EXERCISE DATA:
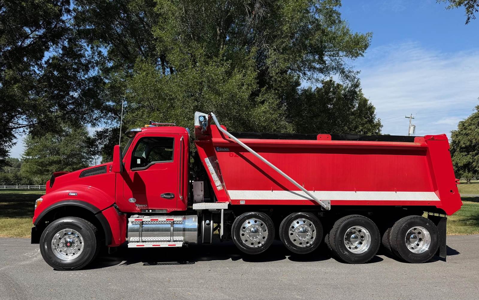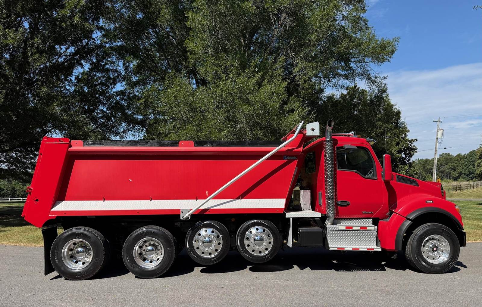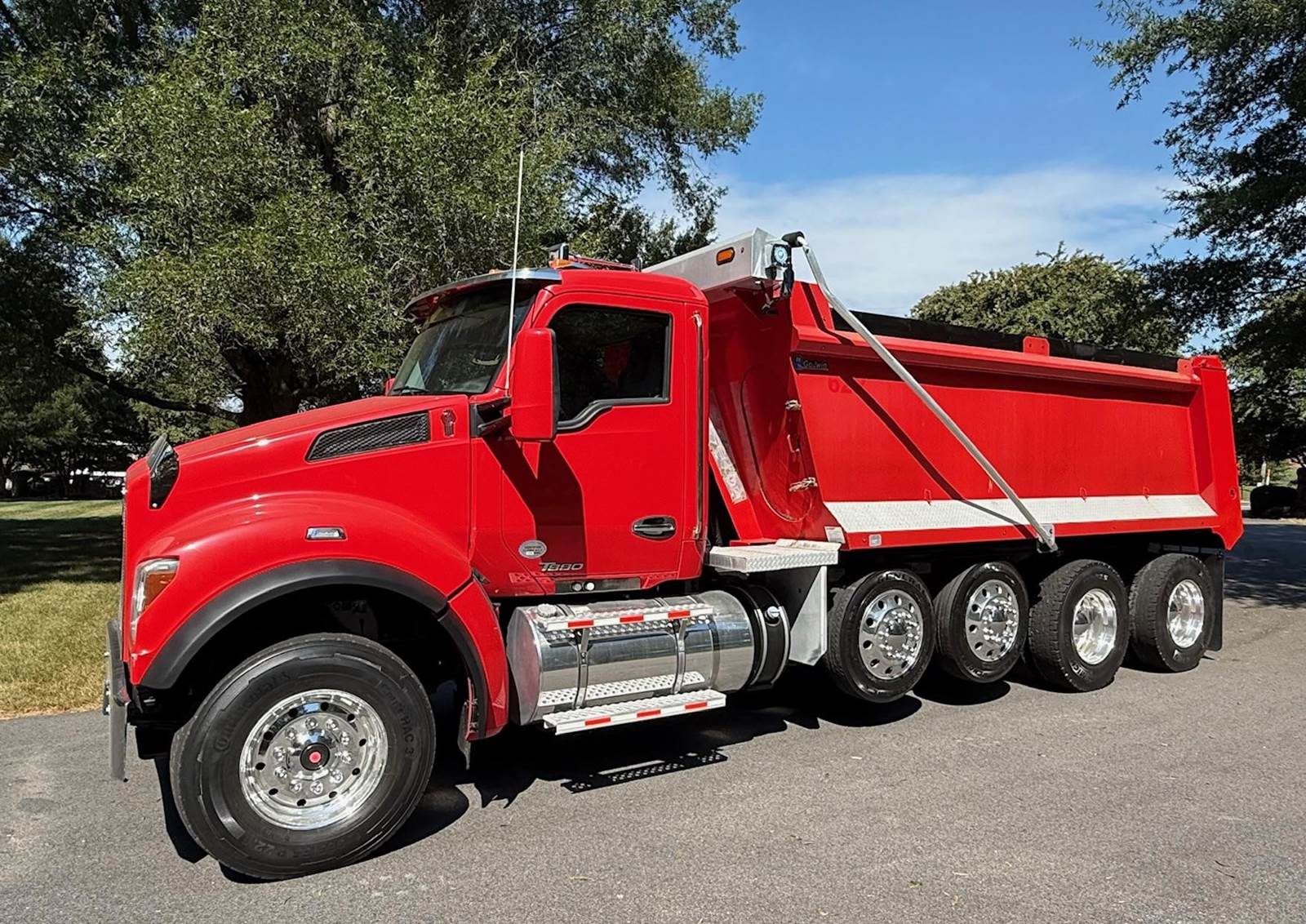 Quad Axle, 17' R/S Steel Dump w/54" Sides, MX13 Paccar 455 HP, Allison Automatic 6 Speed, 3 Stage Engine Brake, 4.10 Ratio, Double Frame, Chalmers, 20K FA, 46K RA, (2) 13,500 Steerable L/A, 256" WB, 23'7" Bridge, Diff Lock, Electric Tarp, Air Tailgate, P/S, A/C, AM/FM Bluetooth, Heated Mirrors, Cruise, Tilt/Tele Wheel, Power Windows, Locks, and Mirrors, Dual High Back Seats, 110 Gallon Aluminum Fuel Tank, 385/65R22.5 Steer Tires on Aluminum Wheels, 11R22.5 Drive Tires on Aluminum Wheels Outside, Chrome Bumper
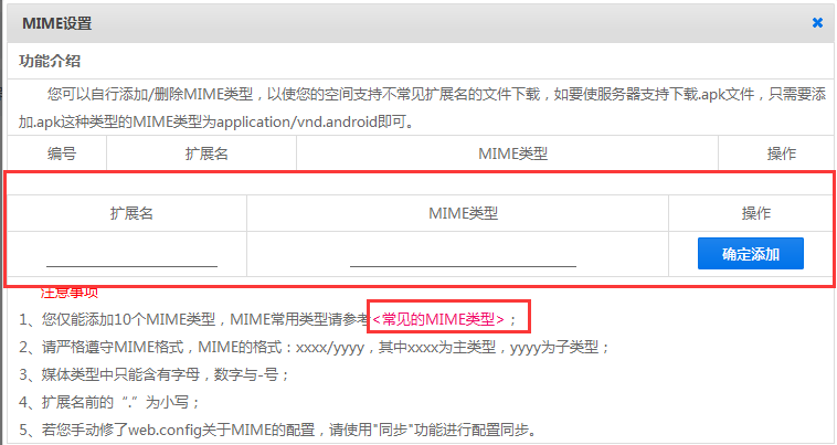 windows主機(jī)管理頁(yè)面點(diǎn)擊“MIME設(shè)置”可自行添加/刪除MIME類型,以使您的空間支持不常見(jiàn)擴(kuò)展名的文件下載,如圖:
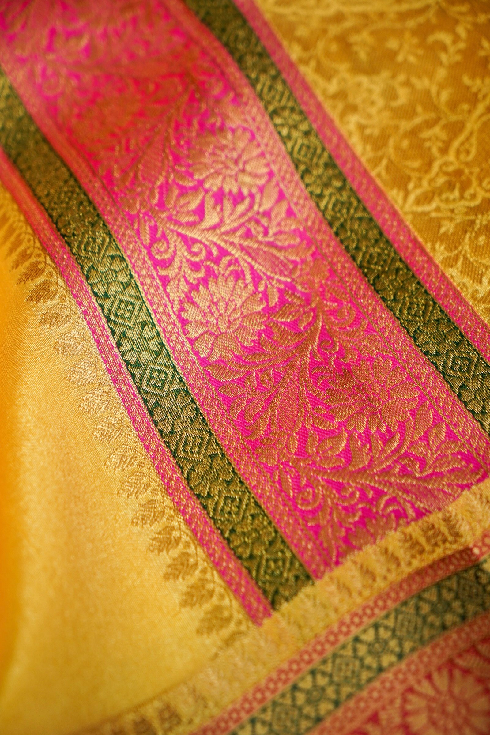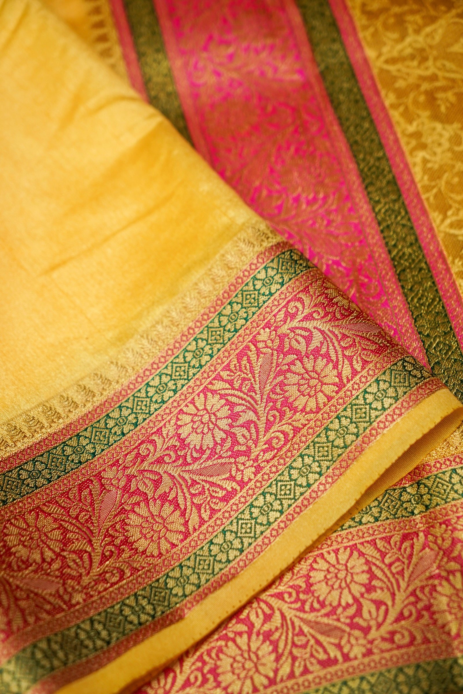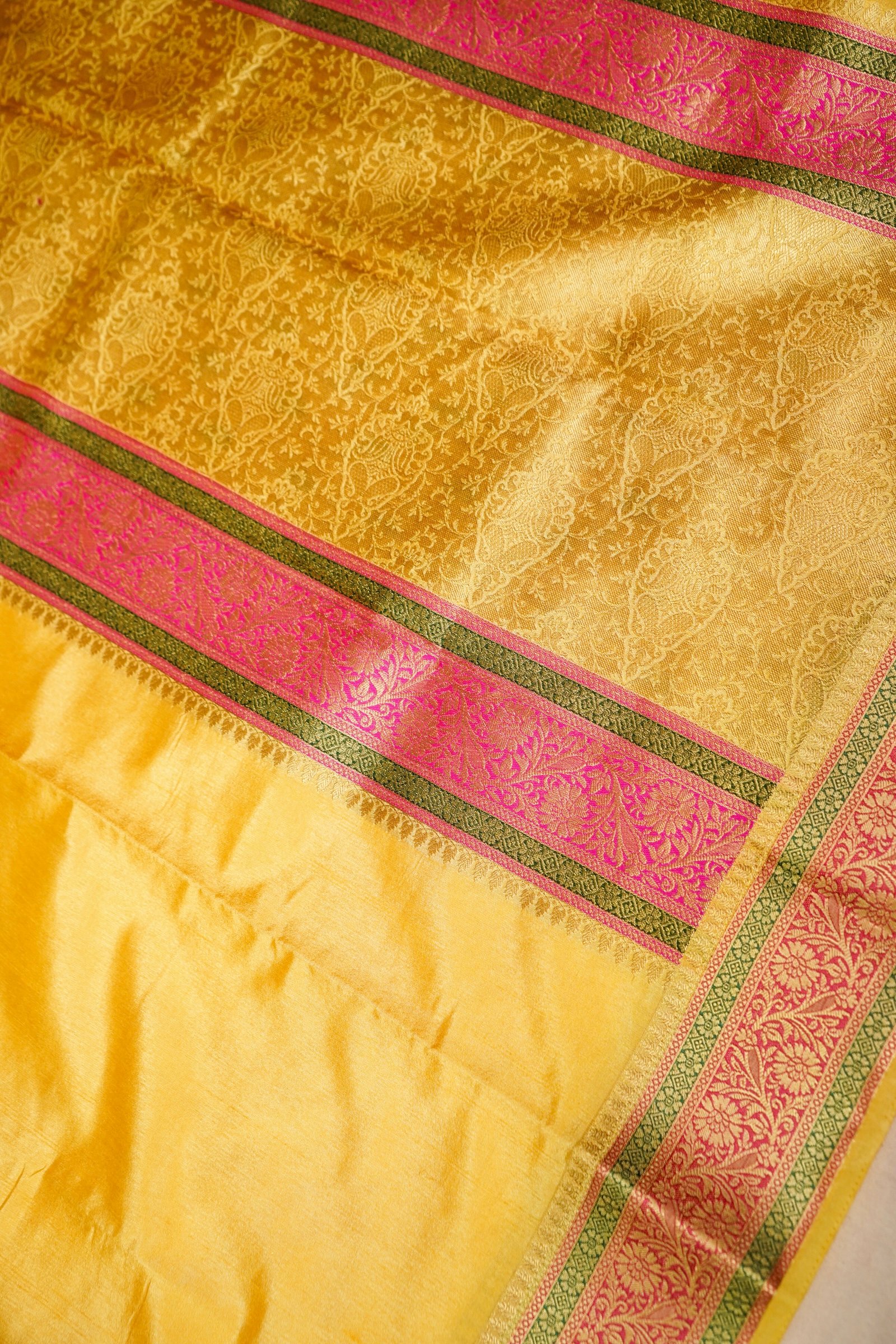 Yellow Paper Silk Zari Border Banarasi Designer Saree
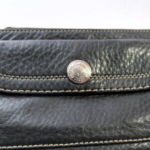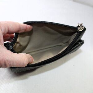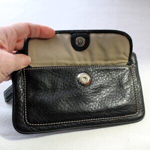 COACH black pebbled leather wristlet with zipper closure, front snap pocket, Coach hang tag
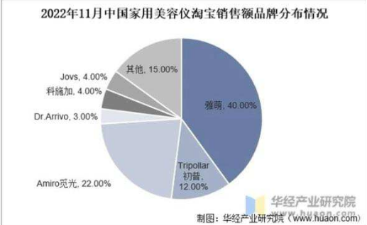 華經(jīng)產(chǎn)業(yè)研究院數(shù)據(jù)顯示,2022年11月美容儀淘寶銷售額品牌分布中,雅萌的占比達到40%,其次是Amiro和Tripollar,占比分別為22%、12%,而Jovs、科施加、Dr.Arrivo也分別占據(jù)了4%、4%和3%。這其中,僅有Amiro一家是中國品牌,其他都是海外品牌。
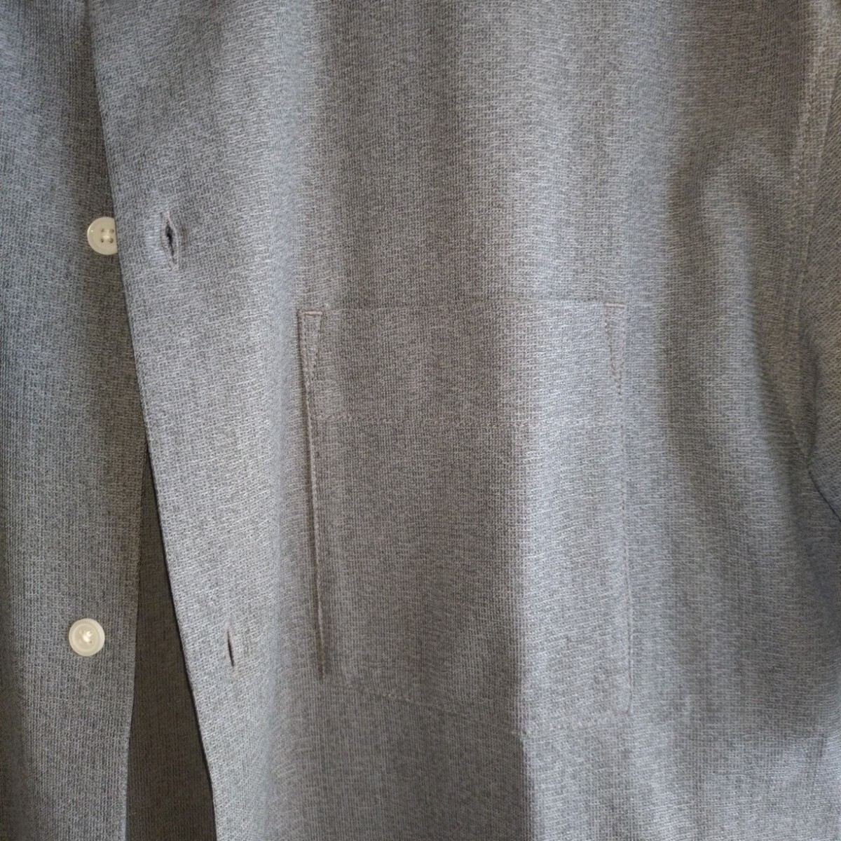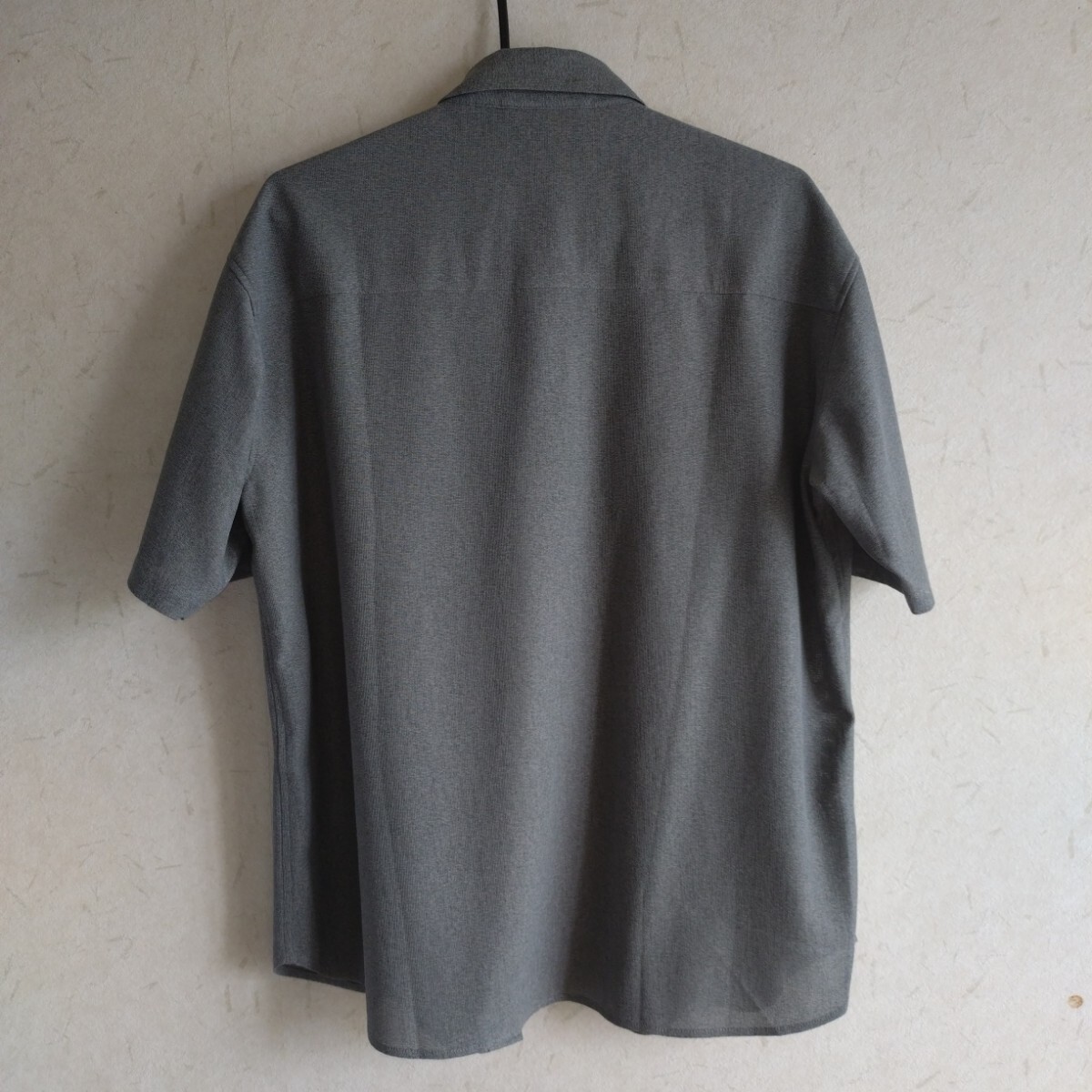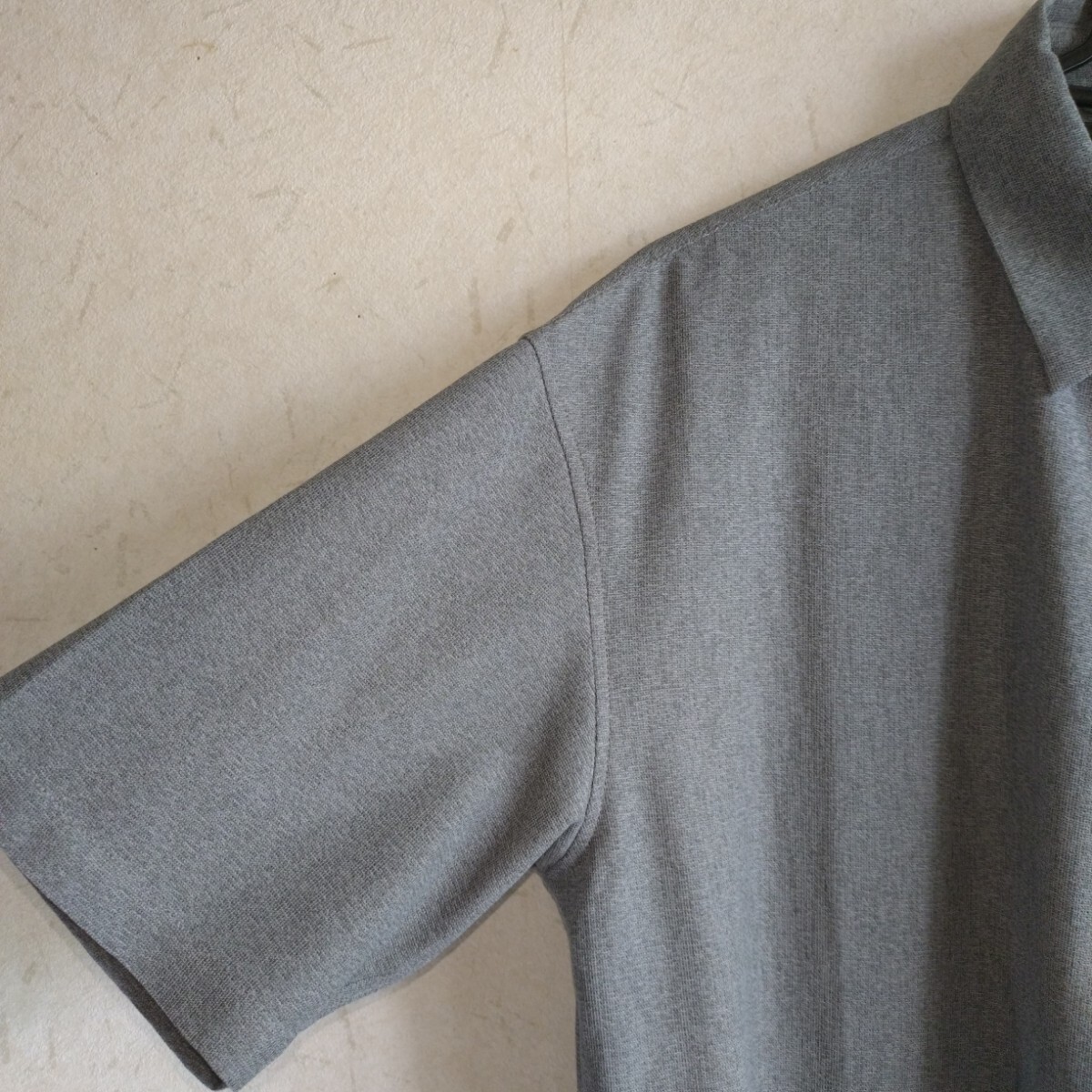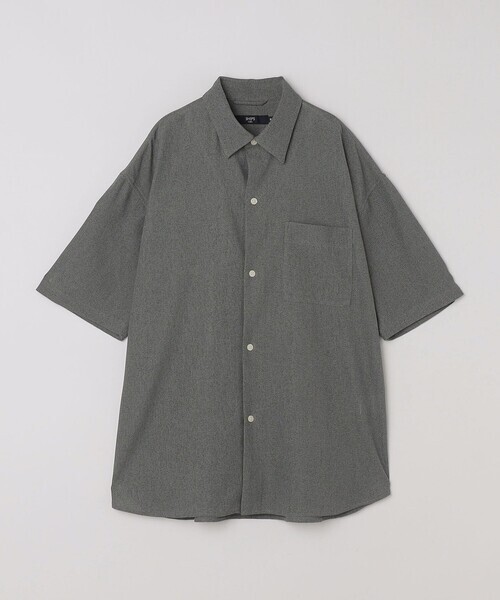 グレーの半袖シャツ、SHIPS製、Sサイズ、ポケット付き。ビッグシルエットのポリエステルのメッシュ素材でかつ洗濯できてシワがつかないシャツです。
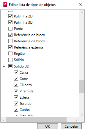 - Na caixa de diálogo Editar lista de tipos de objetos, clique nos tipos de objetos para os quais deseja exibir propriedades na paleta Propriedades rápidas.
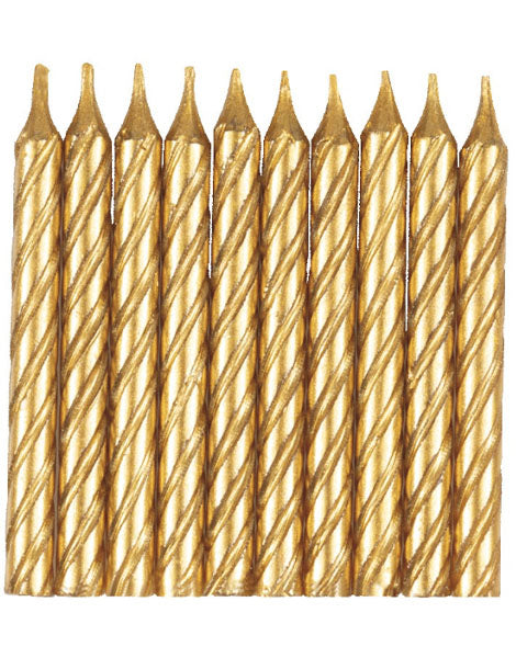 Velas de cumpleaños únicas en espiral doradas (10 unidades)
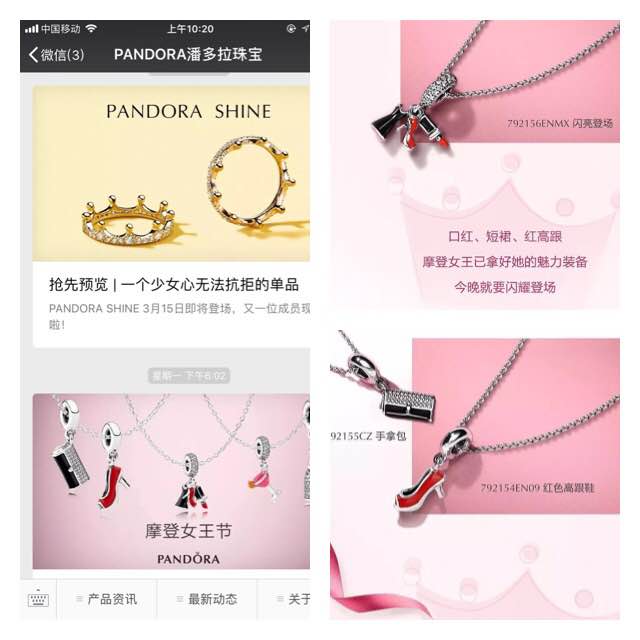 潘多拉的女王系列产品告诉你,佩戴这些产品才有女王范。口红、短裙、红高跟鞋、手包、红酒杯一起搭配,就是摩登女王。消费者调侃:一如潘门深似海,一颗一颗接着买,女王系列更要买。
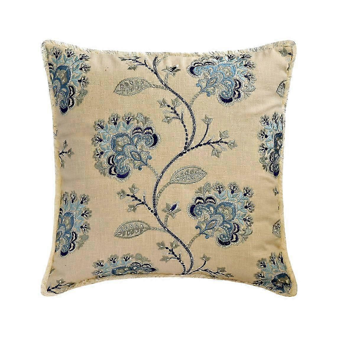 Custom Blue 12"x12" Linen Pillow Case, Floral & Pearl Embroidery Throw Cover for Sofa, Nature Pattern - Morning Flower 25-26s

YOUR TASK:
Your answer must be an exact copy of the data above, minus its pictures.

RESULT:
 Quad Axle, 17' R/S Steel Dump w/54" Sides, MX13 Paccar 455 HP, Allison Automatic 6 Speed, 3 Stage Engine Brake, 4.10 Ratio, Double Frame, Chalmers, 20K FA, 46K RA, (2) 13,500 Steerable L/A, 256" WB, 23'7" Bridge, Diff Lock, Electric Tarp, Air Tailgate, P/S, A/C, AM/FM Bluetooth, Heated Mirrors, Cruise, Tilt/Tele Wheel, Power Windows, Locks, and Mirrors, Dual High Back Seats, 110 Gallon Aluminum Fuel Tank, 385/65R22.5 Steer Tires on Aluminum Wheels, 11R22.5 Drive Tires on Aluminum Wheels Outside, Chrome Bumper
 windows主機(jī)管理頁(yè)面點(diǎn)擊“MIME設(shè)置”可自行添加/刪除MIME類型,以使您的空間支持不常見(jiàn)擴(kuò)展名的文件下載,如圖:
 Yellow Paper Silk Zari Border Banarasi Designer Saree
 COACH black pebbled leather wristlet with zipper closure, front snap pocket, Coach hang tag
 華經(jīng)產(chǎn)業(yè)研究院數(shù)據(jù)顯示,2022年11月美容儀淘寶銷售額品牌分布中,雅萌的占比達到40%,其次是Amiro和Tripollar,占比分別為22%、12%,而Jovs、科施加、Dr.Arrivo也分別占據(jù)了4%、4%和3%。這其中,僅有Amiro一家是中國品牌,其他都是海外品牌。
 グレーの半袖シャツ、SHIPS製、Sサイズ、ポケット付き。ビッグシルエットのポリエステルのメッシュ素材でかつ洗濯できてシワがつかないシャツです。
 - Na caixa de diálogo Editar lista de tipos de objetos, clique nos tipos de objetos para os quais deseja exibir propriedades na paleta Propriedades rápidas.
 Velas de cumpleaños únicas en espiral doradas (10 unidades)
 潘多拉的女王系列产品告诉你,佩戴这些产品才有女王范。口红、短裙、红高跟鞋、手包、红酒杯一起搭配,就是摩登女王。消费者调侃:一如潘门深似海,一颗一颗接着买,女王系列更要买。
 Custom Blue 12"x12" Linen Pillow Case, Floral & Pearl Embroidery Throw Cover for Sofa, Nature Pattern - Morning Flower 25-26s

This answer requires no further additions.